“Oh! No, thanks. The train makes such a beastly racket, don’t you know.”
“They told me at the Bristol you were deaf, but—Oh, I say, old man, I’m sorry. Which ear is it?”
“The one next to you,” replied Brock, recovering from his confusion. “I hear perfectly well with the other one.”
“Yes,” drawled Freddie, with a wink, “so I’ve observed.” After a reflective silence the young man ventured the interesting conclusion, “She’s a stunning girl, all right.” Brock looked polite askance. “By Jove, I’m glad she isn’t my sister-in-law.”
“I suppose I’m expected to ask why,” frigidly.
“Certainly. Because, if she was, I couldn’t. Do you get the point?” He crossed his legs and looked insupportably sure of himself.
They reached Munich late in the afternoon and went at once to the Hotel Vier Jahretzeiten, where they were to find the Odell-Carneys.
Mr. Odell-Carney was a middle-aged Englishman of the extremely uninitiative type. He was tall and narrow and distant, far beyond what is commonly accepted as blase; indeed, he was especially slow of speech, even for an Englishman, quite as if it were an everlasting question with him whether it was worth while to speak at all. One had the feeling when listening to Mr. Odell-Carney that he was being favoured beyond words; it took him so long to say anything, that, if one were but moderately bright, he could finish the sentence mentally some little time in advance of the speaker, and thus be prepared to properly appreciate that which otherwise might have puzzled him considerably. It could not be said, however, that Mr. Odell-Carney was ponderous; he was merely the effectual result of delay. Perhaps it is safe to agree with those who knew him best; they maintained that Odell-Carney was a pose, nothing more.

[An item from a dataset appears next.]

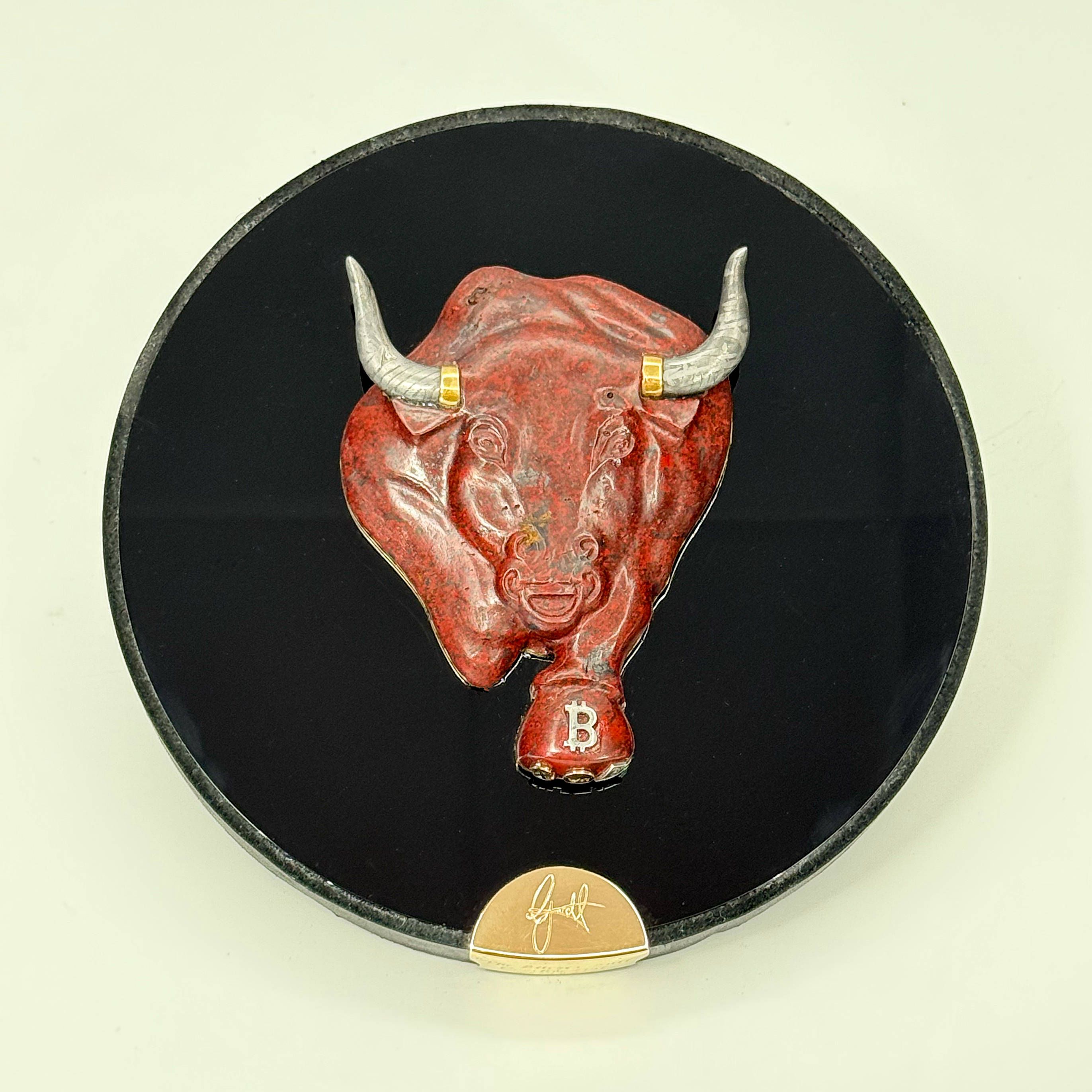 A Brass "Sun" hand-engraved with my signature, anchors the Bull. This is engraved with the title, and the block-height of #893825

His wife was quite the opposite in nearly every particular, except height and angularity. She was bony and red-faced and opinionated. A few sallow years with a rapid, profligate nobleman had brought her, in widowhood, to a fine sense of appreciation of the slow-going though tiresomely unpractical men of the Odell-Carney type. It mattered little that he made poor investment of the money she had sequestered from his lordship; he had kept her in the foreground by associating himself with every big venture that interested the financial smart set. Notwithstanding the fact that he never was known to have any money, he was looked upon as a financier of the highest order. Which is saying a great deal in these unfeeling days of pounds and shillings.
Of course Mrs. Odell-Carney was dressed as all rangy, long-limbed Englishwomen are prone to dress,—after a model peculiarly not her own. She looked ridiculously ungraceful alongside the smart, chic American women, and yet not one of them but would have given her boots to be able to array herself as one of these. There was no denying the fact that Mrs. Odell-Carney was a “regular tip-topper,” as Mr. Rodney was only too eager to say. She had the air of a born leader; that is to say, she could be gracious when occasion demanded, without being patronising.